The man, like many Syrians, blamed the ruling clique rather than the president himself. There is, however, widespread grumbling that presidential relatives own a piece of most major businesses.

President Assad, 37, promised to fight corruption when he inherited the job from his father nearly three years ago. Syrians were prepared to overlook the fact that he was simply handed the reins of the country because they thought a young, computer-savvy British-trained ophthalmologist would improve their standard of living.

Instead, with the Palestinian uprising against Israel and the American war on Iraq, the younger Mr. Assad has sought to burnish Syria's treasured position as the conscience of the Arabs, lashing out at Western attempts to dominate them.

Promised reforms stalled, including the introduction of private banks and private universities. Introduced piecemeal by presidential order, most change founders on the shoals of bureaucratic red tape.
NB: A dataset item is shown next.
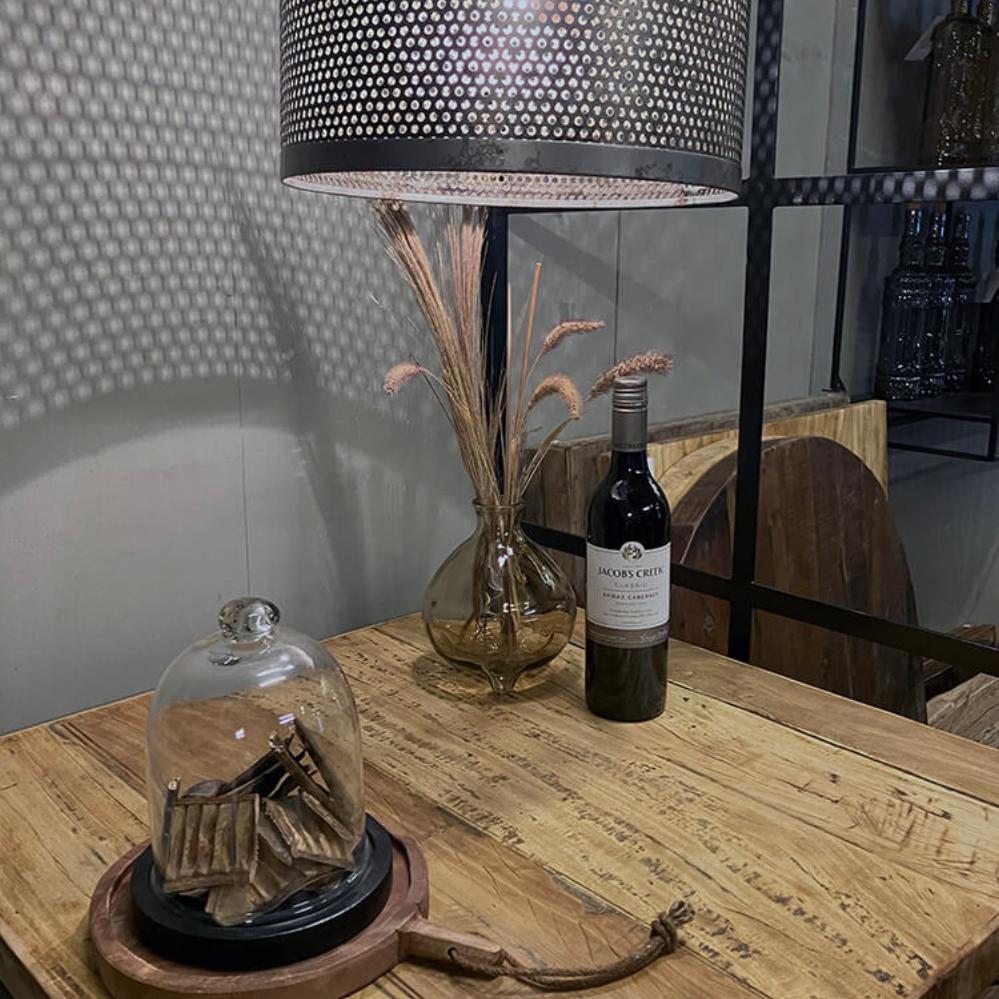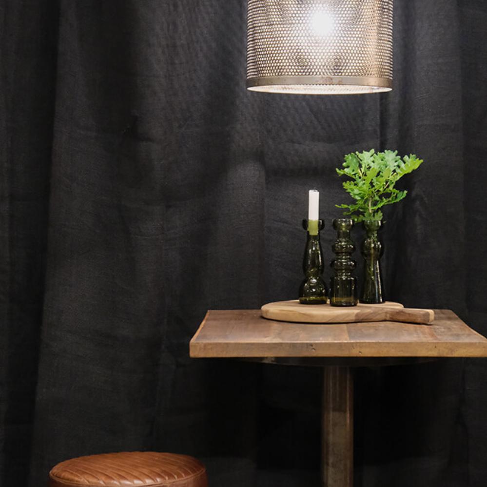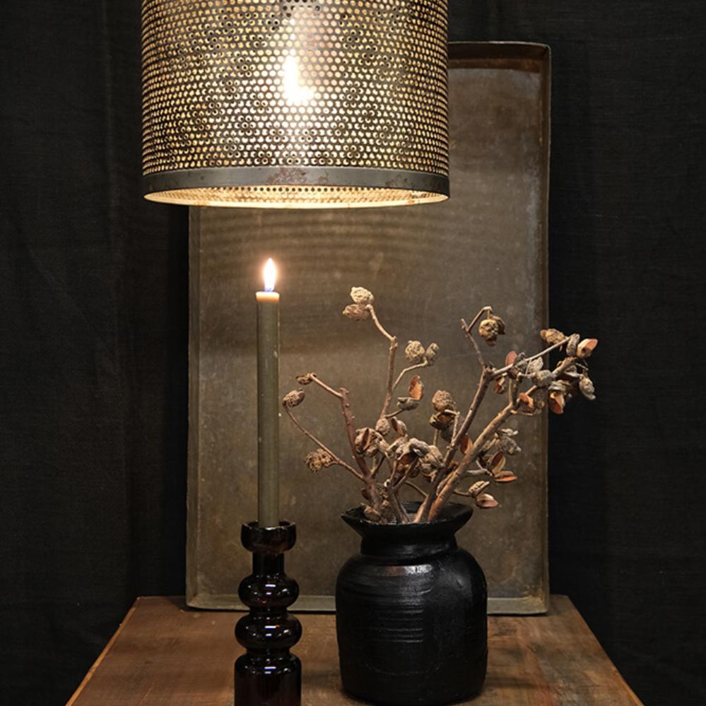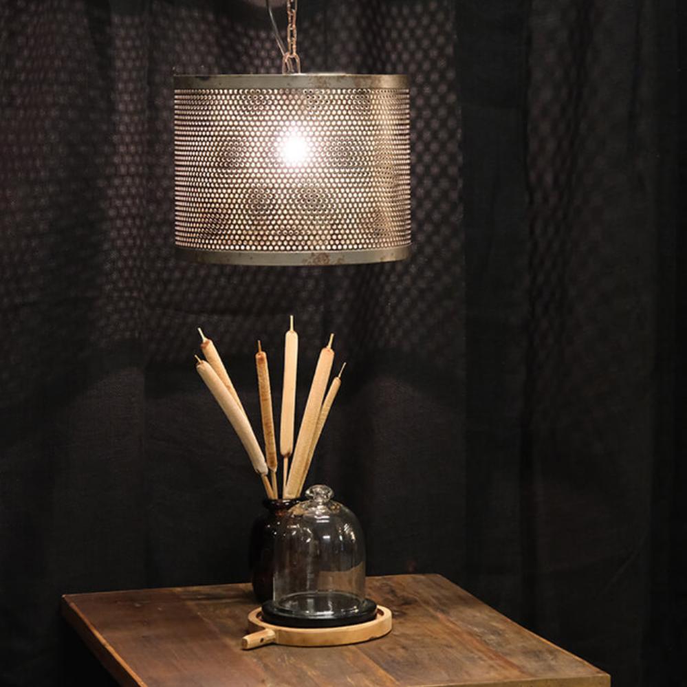 Kelly tager pusten fra de fleste. Den rustikke jernlampes patinerede og perforerede skærm, spreder en rå og industriel stemning, uanset hvilket rum den lyser op. En jernkæde er fastgjort til den patinerede lampeskærm og baldakin, hvilket tilfører lampen et yderligere rustikt touch.

For example, Baath Party apparatchiks kept private universities at bay by trying to push them outside major cities. "It's an art form, they pretend to implement reform, but all they do is create obstacles," one Damascus University professor said.

The minister of higher education, Hassan Risheh, found himself battling for support for a virtual university accessible throughout Syria because the word in Arabic for virtual translates as "supposed."
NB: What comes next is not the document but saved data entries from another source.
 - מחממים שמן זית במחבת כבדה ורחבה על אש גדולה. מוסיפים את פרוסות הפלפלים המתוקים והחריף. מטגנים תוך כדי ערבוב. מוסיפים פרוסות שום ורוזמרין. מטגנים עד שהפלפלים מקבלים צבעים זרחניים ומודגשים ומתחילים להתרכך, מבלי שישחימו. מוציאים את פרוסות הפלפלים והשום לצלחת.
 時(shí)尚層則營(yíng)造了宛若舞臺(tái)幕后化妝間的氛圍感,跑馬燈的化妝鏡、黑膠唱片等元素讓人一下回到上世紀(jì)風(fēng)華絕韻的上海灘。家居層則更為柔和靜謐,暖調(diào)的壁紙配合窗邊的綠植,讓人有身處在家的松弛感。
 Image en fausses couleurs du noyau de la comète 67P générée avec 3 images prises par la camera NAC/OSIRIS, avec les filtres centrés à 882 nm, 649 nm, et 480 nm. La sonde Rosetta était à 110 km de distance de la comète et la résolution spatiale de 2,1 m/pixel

"There are a lot of people who don't like these things because they think in a conventional way and they don't understand them," he said.

Economic reform has not fared well, either, and the economy is expected to plunge with the loss of 200,000 barrels a day of subsidized Iraqi oil and some $2 billion in exports to Iraq.

"We don't have a program as to what kind of economic reform we want," said Nabil Sukkar, a business consultant and former World Bank economist. "There is no priority, no defined steps."

Much speculation focuses on whether Mr. Assad will try to dump the Baath Party because it is thwarting any change, and Alawites have begun to worry it might sink them. But no one is sure who advises him. Both the president and his wife, Azma Akhras, a Sunni Muslim and former investment banker in London, remain largely aloof. They have one son, Hafez, age 16 months.

Almost nothing is more sensitive then the question of Alawite dominance in Syria. Although official figures do not exist, Syria's 17 million people are believed to be about 75 percent Sunni Muslim, about 13 percent Alawite, and around 10 percent Christian.

Government officials generally dismiss any question about Alawite dominance either by saying Syria benefits from secular rule or noting the number of Sunni Muslims in top positions.

Asked about American hints on change in the Middle East, Buthaina Shaaban, the Foreign Ministry spokeswoman, was adamant that it was none of Washington's business.

"Internal change will be decided by Syrians at the pace that Syrians want for the purposes that Syrians desire to achieve," she said last week. She also rejected absolutely any similarity to Iraq, saying, "They simply cannot be compared."